I am finally getting to a point with these lidded pitchers where I feel like I know what I want from them. Meaning that I feel that I have worked out enough of the details so that I can actually be somewhat satisfied with them. This does not mean that they are done evolving, It just means that they are to a point were I will fire them.
The two pitchers above are quite small. I think I would envision them as personal teapots. I am avoiding telling you to many of my ideas about them because I would like to request some feedback on them. I would like anyone who has time to give me a one word critique of the two pitchers above. Just simply comment on the post with the word that comes to mind when you see them. All feedback will be much appreciated.
I spent the better half of this past September in Gresham, Wisconsin assisting Simon Levin in firing his Anagama. To date, this has been my most influential experience in ceramics. Working with Simon and his apprentices, who are all very talented potters, has taught me a lot. Through working with them I have learned the importance in deciding who you surround yourself with. It is very inspiring to me to be at the bottom of the pack and feel the need to catch up.

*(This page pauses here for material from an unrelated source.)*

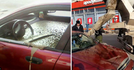 俄國狂男用水泥灌爆老婆愛車「因為她把他姓氏換成超市名稱」!1:12水泥凝固「車子全毀」!(影片)

We fired Simon's Anagama for six days and then downfired. Downfiring is a technique Simon developed. It is similar to reduction cooling but he lets the kiln re-oxidise after every stoke in the downfiring as opposed to keeping the kiln in reduction during the entire cooling cycle.
Simon also fires his kiln a lot cooler (in temperature) than most people. Cone ten's were down in the hottest parts after firing for six days. The kiln never got over 2200 degrees. The ash was melted by the heat work as opposed to just temperature, meaning heat over time.
The kiln is fired in a very controlled manor with a detailed hourly kiln log and thermocouple. Simon's goal is to produce lots of "information" on the surface of the pots. He has adapted the firing schedule in order to emphasize the surfaces he wants. He is also very conscious in loading the kiln. Every pot is very carefully wadded in place and some wads are hung between pots to create more information and flame path on the pots.
I have Incorporated a cup form that I have been working with into some pouring pots. I took the essential form of the cup and changed the proportions and size of them in order to make them work with a teapot and lidded pitcher form. Although the cup form was originally influenced by a cup of sequoia millers that I have, I feel that I have stolen the form rather than borrowed it. Stealing means that you take the idea and make it your own while borrowing suggests that you use the idea but do not change it. I have found that using the same essential form for a teapot and cups helps to make sets that "work" visually.The spout and lugs on this teapot help to balance the angular form of the pot. This teapot will eventually have a woven reed handle. The handle will also aid the balance and help to soften up the angular body of the pot.
I have been working with a sketch book a lot, drawing pots that I may eventually make. I arrived at this lidded pitcher form by drawing different versions of the aforementioned cup form and stretching the proportions. Then I think about what form it could be and add the necessary parts to the drawing. I think that drawing pots really helps to balance out the proportion of pots and also to weed out a lot of bad ideas.